На огородах помидорные посадки сменились лавром. И вдруг – виноградник, за ним жильё. Обогнули и попали в район новостроек. Один трёхэтажный дом готов, достраивается второй. Строит совхоз. Люди будут жить со всеми удобствами. С вершины увидели новый сочинский микрорайон – несколько линий многоэтажных домов, по прямым улицам курсируют машины и автобусы. По сравнению с Мамайкой геометрия кварталов кажется красивой и удобной.
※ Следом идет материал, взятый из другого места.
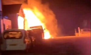 According to a report, which quoted a volunteer mosque manager, two people were inside the building when two people in balaclavas tried to force the mosque door open and poured petrol onto the steps, setting the building alight.
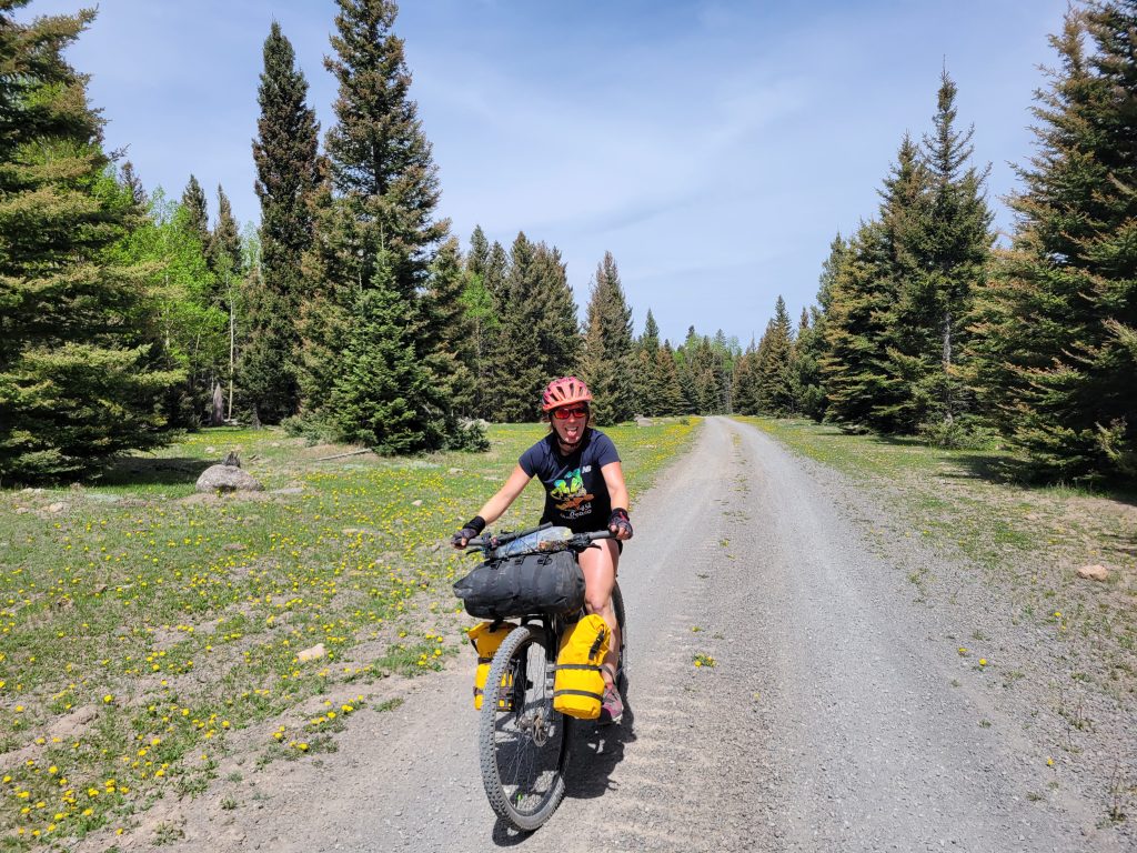 Kolejną ważną sprawą w bikepackingu jest rozłożenie wagi. Gdy jeździmy z sakwami większość sprzętu, tego najcieższego umieszczamy na tylni bagażnik. W bikepackingu jest na odwrót. Większość bagażu umieszczamy na widelcu czy na kierownicę. Na GDMBR dziennie pokonywałam od 1000 do 2000m przewyższeń i uważam, że bardzo dużym ułatwieniem było skoncentrowanie bagażu z przodu roweru.

За нами увязались два дошкольника. Они понимают, что выслеживать неприлично, и для отвода глаз гонят пред собой молодого бычка. Встретился нам мальчишка пионерского возраста.
– Вы на вертолётную станцию? Она далеко за горой.
– А ты летал на вертолёте?
– Не летал, – он вздохнул. – Я и на самолете не летал. А на кораблях плавал. На небольших.
С горы мы взяли курс на пляж и пробыли там до захода солнца.

6 сентября 1968 г.
С рассвета накрапывает дождь. Настроение пасмурное, но мы не меняем планов. Поднимаемся на лесистую вершину напротив лысой горы.
Сверху над нами раздается лай собак. Время ранее. Пока появится хозяин, придется беседовать с псами, а их гостеприимство нам не известно. Обходим опасное место. Идти трудно – мешают колючие лианы.

Несколько раз в просветах мелькает море, но видимость из-за деревьев ограничена. Вышли на плоскую вершину, но и с неё мало что видно. По узкому перешейку направились к следующей вершине. На тропе нашли грибы, к сожалению, старые и червивые, но один поддубовик оказался достаточно свежим. Несём как трофей.
Перестал моросить дождик, посветлело, стало жарко. Давно съедены пищевые припасы – одна булочка на двоих. Уходим на спуск.

Дома хозяева и квартиранты заканчивали завтрак. Наше неожиданное появление, да ещё с добычей, вызвало радостную реакцию. Хозяева живут возле леса, а грибы видели на рынке и то редко. Нас пригласили к столу. Поставили перед нами чай и чебуреки. Все смотрят на гриб, а мы на тарелки. Несмотря на усталость, у нас хватило глупости отказываться от угощения. Хорошо, что нам никто не поверил.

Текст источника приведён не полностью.